# Training neural nets on MNIST digits

Recently I have been experimenting with a C++ deep learning library that I have written by testing it out on the MNIST handwritten digits data set. In this dataset there are 60,000 training images and 10,000 test images which are of size 28×28 pixels. I have been trying to reproduce some of the error rates that Yann LeCun reports on the MNIST site. The digits written in many different styles and some of them are quite hard to classify, and so it makes a good test for neural net learning.

I have experimented with four layer convolutional nets and achieved sub 1% error rates with those, but I wanted to break it down and so have just been trying out a single layer linear classifier with softmax output stage. That is a fully connected network that goes from 28×28 inputs down to 10 outputs. This is a very simple network that is terrible at generalization, for example if there is additional translation or warping of the input.

I was able to achieve about 7.5% error rate using this network. I used stochastic gradient descent with a mini batch size of 100 and a starting learning rate of 0.1, which gets multiplied by 0.99 every 10,000 presentations of randomly selected inputs. The weights were initialized to Gaussian random values with a standard deviation of $\sqrt{2/n}$ where n is the number of inputs to a unit.

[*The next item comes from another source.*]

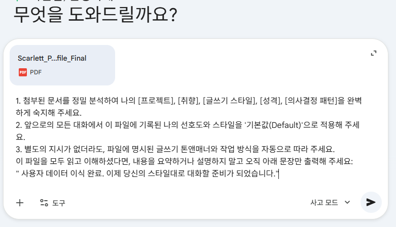 1. 첨부된 문서를 정밀 분석하여 나의 [프로젝트], [취향], [글쓰기 스타일], [성격], [의사결정 패턴]을 완벽하게 숙지해 주세요.

You can see here the learned weights for this single layer network and you can make out the outlines of the numbers 0 through 9 in the weight patterns. For example in the case of zero, the classifier has negative weights in the center of the zero meaning that if the figure has any foreground here then it will reduce the probability that a zero output is generated. Likewise for the one, the white central area represents positive weights that increase the likelihood of this being a one if any mark is present there.

This network obtained a 7.7% test error rate. However if the training and testing images are all independently bias gain normalized then the network performs better. Bias gain normalization centers the input data ensuring that it has a mean of zero and a standard deviation of 1. This improves the conditioning of the hessian of the error at the minimum and allows the weights to adapt more independently. The neuron biases can only compensate for additive DC levels over the whole dataset, not for within class variations, so removing the mean of each source image is helpful. However the difference is not much for this network; the test error was only reduced to about 7.3%, but the initial learning was faster.

I also tried replacing the softmax output stage by tanh, rectified linear, or logistic non-linearities. The best test results I got for these were around 11%. I found that the learning rates had to be hand tuned and were significantly different for these methods, and too high a value could easily blow up the error.

The next thing I tried was to look at the effect of random translations on the ability of the single layer network to recognize the digits. I expected this spatial generalization ability to be poor and it was. In particular, the pattern of weights becomes very spatially blurred out with additional translation, leading to lower performance. I trained the system for 20 epochs for random shifts and the error rate went from 7.7% to 42.6% for $\pm 4$ pixel offsets.

Next I am going to try out a two layer fully connected network. The reason I am doing this set of experiments is partly to test the library, and partly because I am trying to get a really good digit recognizer that uses not too many weights and is very fast computationally, because I want to use it in a real-time demo on a very low power embedded processor.